Another embodiment of the present invention provides a signal processor system for echo compensation of at least one audio microphone signal. The microphone signal includes an echo signal contribution due to an audio loudspeaker signal in a loudspeaker-microphone system. The signal processor includes a loudspeaker analysis filter bank. The loudspeaker analysis filter bank is configured to convert overlapped sequences of the audio loudspeaker signal from a time domain to a frequency domain and to obtain a time series of short-time loudspeaker spectra with a predetermined number of sub-bands. The sequences have a predetermined sequence length and an amount of overlapping of the overlapped sequences predetermined by a loudspeaker sub-sampling rate. The system also includes a temporal interpolator configured to interpolate the time series of short-time loudspeaker spectra. For each pair of temporally adjacent short-time loudspeaker spectra, the interpolator computes an interpolated short-time loudspeaker spectrum by weighted addition of the temporally adjacent short-time loudspeaker spectra. The system also includes an echo spectrum estimator configured to compute an estimated echo spectrum with its sub-band components for at least one current loudspeaker spectrum by weighted addition of a current short-time loudspeaker spectrum and previous short-time loudspeaker spectra, up to a predetermined maximum time delay. First filter coefficients are used for weighting the current loudspeaker spectrum and the corresponding previous short-time loudspeaker spectra with increasing time delay. Second filter coefficients are used for weighting the interpolated short-time loudspeaker spectra temporally adjacent to the current loudspeaker spectrum and the corresponding previous short-time loudspeaker spectra. The first and second filter coefficients are estimated by an adaptive algorithm.

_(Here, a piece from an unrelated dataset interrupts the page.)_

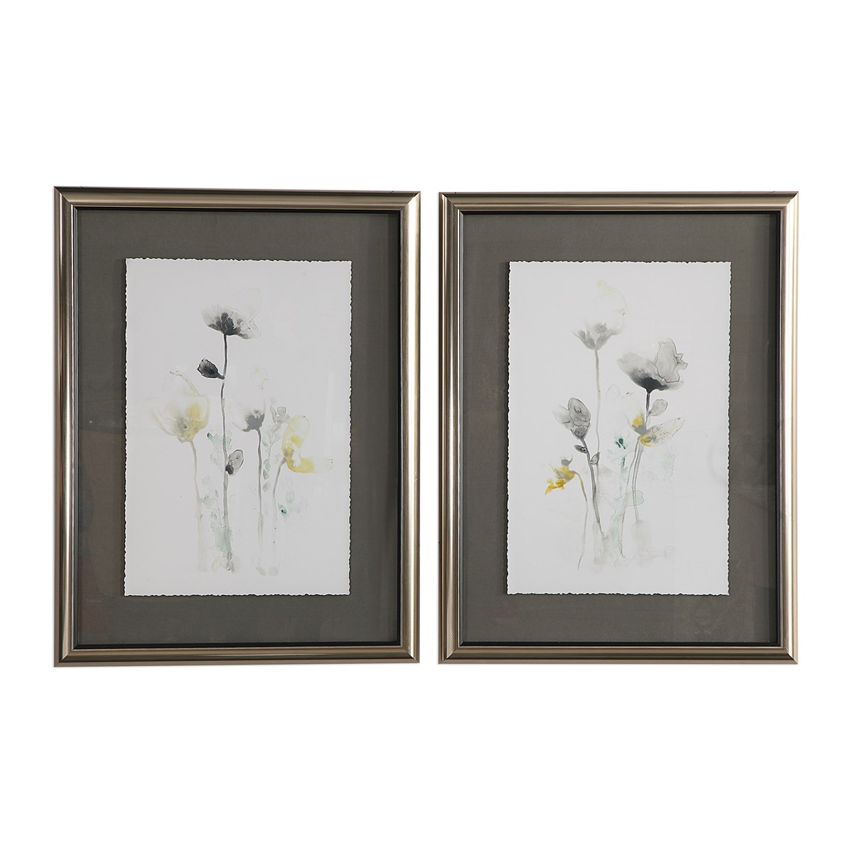 Traditional And Modern Styles Merge With These Floral Prints. Shades Of Forest Green, Yellow, And Gray Are Set On An Off-white Background With Deckled Edge Detailing. Each Print Floats Above A Dark Gray Mat. A Silver Leaf Frame With A Black Inner Lip Completes Each Piece Of Artwork. Each Print Is Placed Under Protective Glass.

A microphone analysis filter bank is configured to convert overlapped sequences of the audio microphone signal from the time domain to the frequency domain and obtain a time series of short-time microphone spectra with a predetermined number of sub-bands. The sequences have a predetermined sequence length and an amount of overlapping of the overlapped sequences predetermined by a microphone sub-sampling rate. A synthesis filter bank is configured to convert the filtered time series of short-time spectra of the microphone signal to overlapped sequences of a filtered audio microphone signal. An adaptive filter is configured to adaptively filter the time series of short-time microphone spectra of the microphone signal by at least subtracting a corresponding estimated echo spectrum from a corresponding microphone spectrum. The first and second filter coefficients are applied and sub-band components of the spectra are used for the subtraction. A synthesis filter bank is configured to overlap the sequences of the filtered audio microphone signal to generate an echo compensated audio microphone signal.

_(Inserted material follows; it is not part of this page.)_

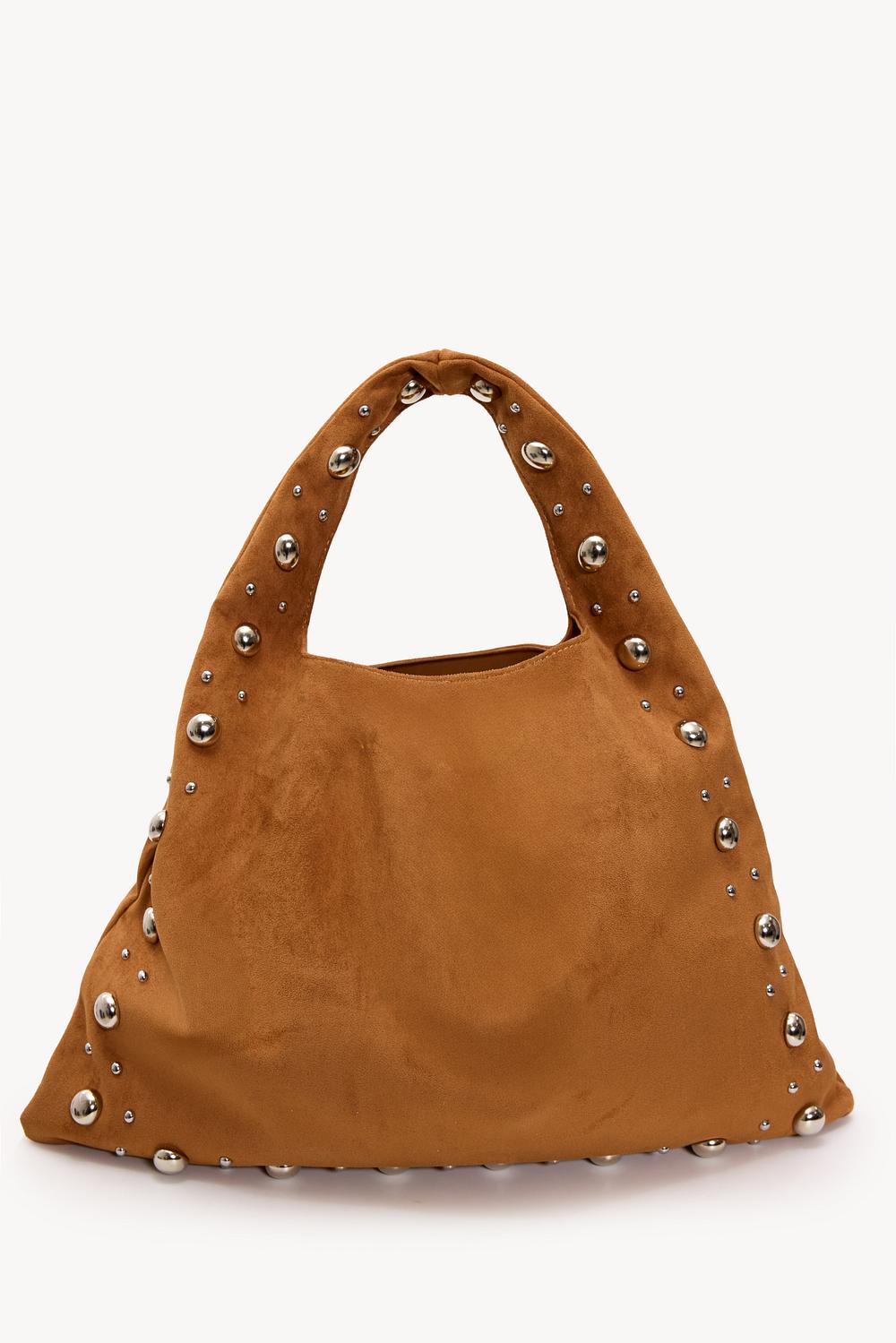 This camel-colored tote bag features striking studs all over for an edgy statement look. The spacious shopper with a suede-like texture offers both comfort and style. The bold stud details give this bag a rock-chic appearance that perfectly matches both casual and dressed-up looks.

The adaptive filter may include a residual echo suppressor and/or a noise reducer applied after the subtraction of the estimated echo spectrum. The loudspeaker sub-sampling rate may be less than or equal to about 0.75 times the sequence length and greater than about 0.35 times the sequence length. The loudspeaker sub-sampling rate may be about 0.6 times the sequence length.
The system may include a beamformer configured to beamform the adaptively filtered time series of short-time microphone spectra of a plurality of microphone signals to generate a combined filtered time series of short-time spectra of the plurality of microphone signals.
The system may include a hands-free telephony system, a speech recognition system and/or a vehicle communication system.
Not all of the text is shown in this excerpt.